Blues,
Rock & Roots Festival Binkom
Zaal Santro, Binkom - 18 september 2010
De
dynamiek van de Binkom-organisatoren kent geen tijdslimiet. Het ganse
jaar door werken de initiatiefnemers naar hun festival toe met alleen de
liefde voor de blues als drijfveer en de neveneffecten als bonus. Als
het dan eindelijk zover is, zie je dat aan het resultaat, zowel aan de
opkomst als de affiche. De tijdslijn zet zich ook door bij de
geprogrammeerde groepen, van beginnende twintigers tot de veteranen uit
de UK en USA met de dans als metafoor voor het tijdloze bluesgevoel. Aan
het begin van het festival danste een hiphoppend kereltje nog alleen
vooraan. Om 1 uur 's nachts gaf een overtuigd bluesfan een freaky
demonstratie van zijn bluespassie op het podium zelf. Dat hij Peter
noemt kan geen toeval zijn. Onvolwassenheid siert als een tatoeage de
ziel van menige bluesfanaat.
In
de zevende editie maakten vijf groepen het Peter Panprincipe waar, want
ongeacht leeftijd smeulde in elke band het heilige vuur, wachtend om te
ontvlammen.
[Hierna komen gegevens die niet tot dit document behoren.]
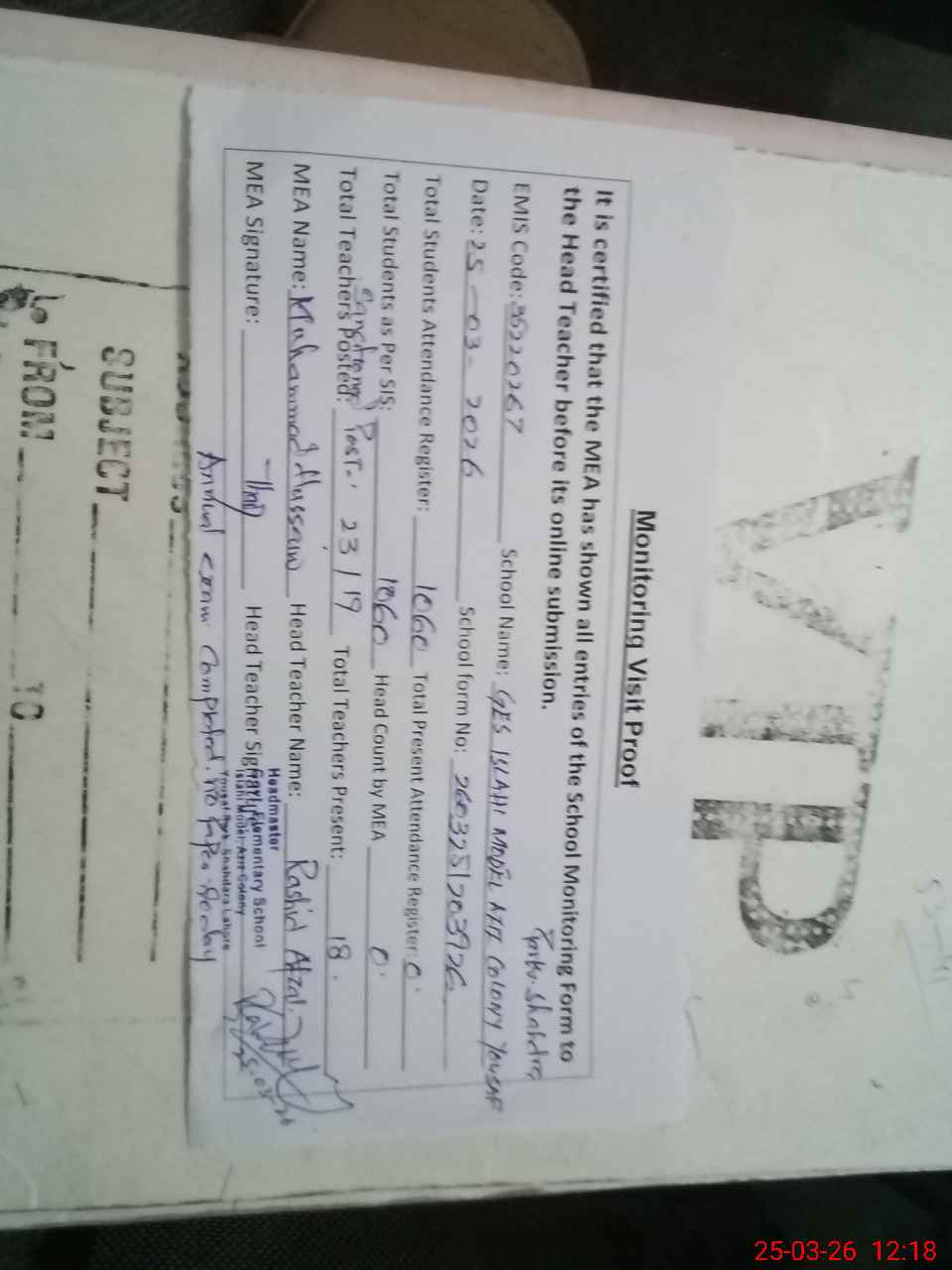 | Attendance Register | Head Teacher | MEA with School | Visit Proof |

Bij het Nederlandse Cuban Heels dreigt dat vuur wel te gaan
liggen. Deze band zou voor de laatste keer optreden. Het lijkt wel een
virus bij onze Noorderburen, gezien ook de band Big Blind er onlangs mee
stopte. Wat is dat toch met de zwakke weerstand van gitaristen! Maar
gitarist Mischa van T-99 vulde met brio zijn interimjob in en sloot zich
probleemloos aan bij de garageblues van Cuban Heels, desgewenst met
mooie slidegitaar. Zanger Jan Hidding blijft de gedreven zanger die heel
wendbaar van ritmes verandert en zowel van 'No Fighting', 'Heavy Blues'
als het sublieme 'Over The Hill' hoogtepunten maakt. Bij het laatste zou
je blindelings met hem mee willen opklimmen. 'Craving You' en 'Mambo
Boogie' klonken evenzo als een metafysische schreeuw of emotionele
oproep. Hun aanwezigheid op de affiches van Moulin en Peer Blues kan
geen toeval zijn. Nu trekken zij hun stekker uit, zoals dat zo
eufemistisch wordt omschreven maar voor de stilte die erop volgt bestaat
nog geen adequate uitdrukking...
Gelukkig
houdt Connie Lush samen met haar 'Blues Shouter' wél stand. In het zwart
gehuld, met haar blonde haren uitwaaierend onder een zwart hoedje,
maakte zij een opgemerkte entree. Deze rasechte bluesdiva slaagde er
dadelijk in de dames op haar hand te krijgen, al liet zij niet na om
tegelijk met het mannelijke deel van het publiek te flirten. Connie
heeft charisma op overschot en haar levensvreugde straalde af op
bandleden en publiek. Zij zette in met 'Love Me Like A Man' en als een
ongetemd raspaardje, af en toe nippend aan een glaasje rode wijn, raasde
zij verder tot het laatste 'Keep Me Hanging On'. Connie zien en horen
werkt beter dan een vitaminekuur. Af en toe werd de Nina Simone in haar
wakker zoals bij 'Nobody's Fault But Mine' of bij Big Bill Broonzy's 'When
Things Go Wrong'. Met 'Jesus On The Mainline' sprak ook de
gospelzangeres in haar. Drummer en gitarist wisten perfect waar
bluesdiva Lush naartoe wou. Niet voor niets riepen zowel haar eigen land
(UK) als Frankrijk haar uit tot 'Female Blues Vocalist of the Year'.
Vooraleer
de broers John en Bill Clifton van de 'Mofo Party Band' zouden
afsluiten, mocht eerst nog de Britse band Nine Below Zero tonen dat zij
net als The Rolling Stones hun mannetjes kunnen staan, ongeacht hun
leeftijd. Hun vertrouwdheid met de blueserfenis bleek overduidelijk uit
hun vertolking van bluesklassiekers als 'Got My Mojo Working' , 'Stormy
Monday' en vooral de megahit 'On The Road Again' om tenslotte in de bis
af te sluiten met 'Wooly Bully'. Leadzanger Dennis Greaves, die op
achtjarige leeftijd al wist dat de blues zijn levenspad zou verzwaren
hetzij verlichten, beleeft zijn rhythm and blues nog steeds van
binnenuit. Soms kwam de geluidsmeter in de gevarenzone, waar het rood
paars begint te kleuren, maar in de seventies werd dit nog aangemoedigd.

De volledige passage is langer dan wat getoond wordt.